7. En second lieu, selon l’article L. 76 B du livre des procédures fiscales, l’administration fiscale est tenue d’informer le contribuable de la teneur et de l’origine des renseignements et documents obtenus de tiers sur lesquels elle s’est fondée pour établir l’imposition faisant l’objet de la proposition de rectification et communique, avant la mise en recouvrement, une copie de ces documents au contribuable qui en fait la demande.
8. L’obligation qui résulte de ce texte ne s’impose à l’administration que pour les seuls renseignements et documents effectivement utilisés pour fonder les rectifications, qu’elle a obtenus de tiers, dont le contribuable doit être informé avec une précision suffisante pour lui permettre de discuter utilement leur origine ou de demander qu’ils soient mis à sa disposition.
9. Ni ce texte ni l’obligation de loyauté dans l’établissement des impositions à laquelle l’administration fiscale est tenue ne lui imposent de mettre à la disposition du contribuable les documents qu’elle n’a pas retenus pour fonder les rectifications, afin de permettre à ce dernier d’apprécier si, parmi ces documents, figurent des éléments de nature à démontrer que l’imposition réclamée n’est pas due.
10. Par ailleurs, l’obligation qui résulte de l’article L. 76 B du livre des procédures fiscales ne porte pas sur les documents rendus accessibles au public en vertu d’une obligation légale, lesquels ne doivent être mis à la disposition du contribuable que si celui-ci indique n’avoir pu y avoir accès.
11. L’arrêt énonce que M. et Mme [T] n’invoquent aucune confusion liée à la présentation des pièces visées par l’administration de nature à faire obstacle à l’exercice du contradictoire et des droits de la défense. Il ajoute que les pièces concernées, à savoir les bilans et rapports de gestion de la société Finaréa Gold, le règlement intérieur du GIE Finaréa Services et les conventions conclues par la société Finaréa Gold constituent des documents auxquels les contribuables ont la possibilité d’accéder librement en leur qualité d’actionnaires de la société Finaréa Gold ou qui sont en libre accès au public.

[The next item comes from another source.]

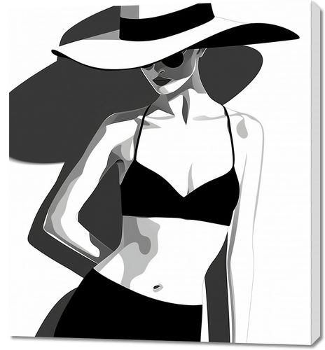 Obraz z serii abstrakcja zatytułowany Strój. Prezentuje stylizowany czarno-biały wizerunek kobiety w dwuczęściowym stroju kąpielowym. Postać odziana jest w szerokobrzmiony kapelusz, który rzuca cień na jej twarz, podkreślając elegancki i tajemniczy charakter kompozycji. Kobieta stoi w pozycji trzy czwarte, z jedną ręką opuszczoną wzdłuż ciała, a drugą lekko zgiętą w łokciu, co dodaje dynamizmu ilustracji. Obraz jest utrzymany w minimalistycznym stylu z wykorzystaniem płaskich plam kolorów i wyraźnych linii, co nadaje mu nowoczesny i modny wygląd. Ten rodzaj grafiki idealnie wpasuje się w nowoczesne wnętrza, szczególnie te o monochromatycznej kolorystyce, lub jako modny akcent w przestrzeniach o minimalistycznej estetyce.

Enfin, l’administration fiscale justifie d’une communication aux contribuables du bilan, du contrat d’animation, du rapport du président du 14 octobre 2009 et du règlement intérieur du GIE Finaréa Services. De ces énonciations, constatations et appréciations, la cour d’appel a déduit à bon droit que les moyens d’irrégularité soulevés devaient être rejetés.

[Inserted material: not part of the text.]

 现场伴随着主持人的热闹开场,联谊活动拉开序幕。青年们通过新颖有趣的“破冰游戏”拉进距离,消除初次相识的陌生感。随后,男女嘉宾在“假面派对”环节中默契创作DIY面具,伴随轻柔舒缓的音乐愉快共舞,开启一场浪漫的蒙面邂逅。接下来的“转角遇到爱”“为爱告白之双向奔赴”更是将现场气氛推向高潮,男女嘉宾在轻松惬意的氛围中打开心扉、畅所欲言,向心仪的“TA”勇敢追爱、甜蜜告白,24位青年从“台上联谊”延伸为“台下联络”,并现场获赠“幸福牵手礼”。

12. Le moyen n’est donc fondé en aucune de ses branches.
PAR CES MOTIFS, la Cour :
REJETTE le pourvoi ;
Condamne M. et Mme [T] aux dépens ;
En application de l’article 700 du code de procédure civile, rejette la demande formée par M. et Mme [T] et les condamne à payer au directeur général des finances publiques et au directeur régional des finances publiques de Provence-Alpes-Côte d’Azur et du département des Bouches-du-Rhône, agissant sous l’autorité du directeur général des finances publiques, la somme globale de 3 000 euros ;
Ainsi fait et jugé par la Cour de cassation, chambre commerciale, financière et économique, et prononcé par le président en son audience publique du neuf octobre deux mille vingt-quatre.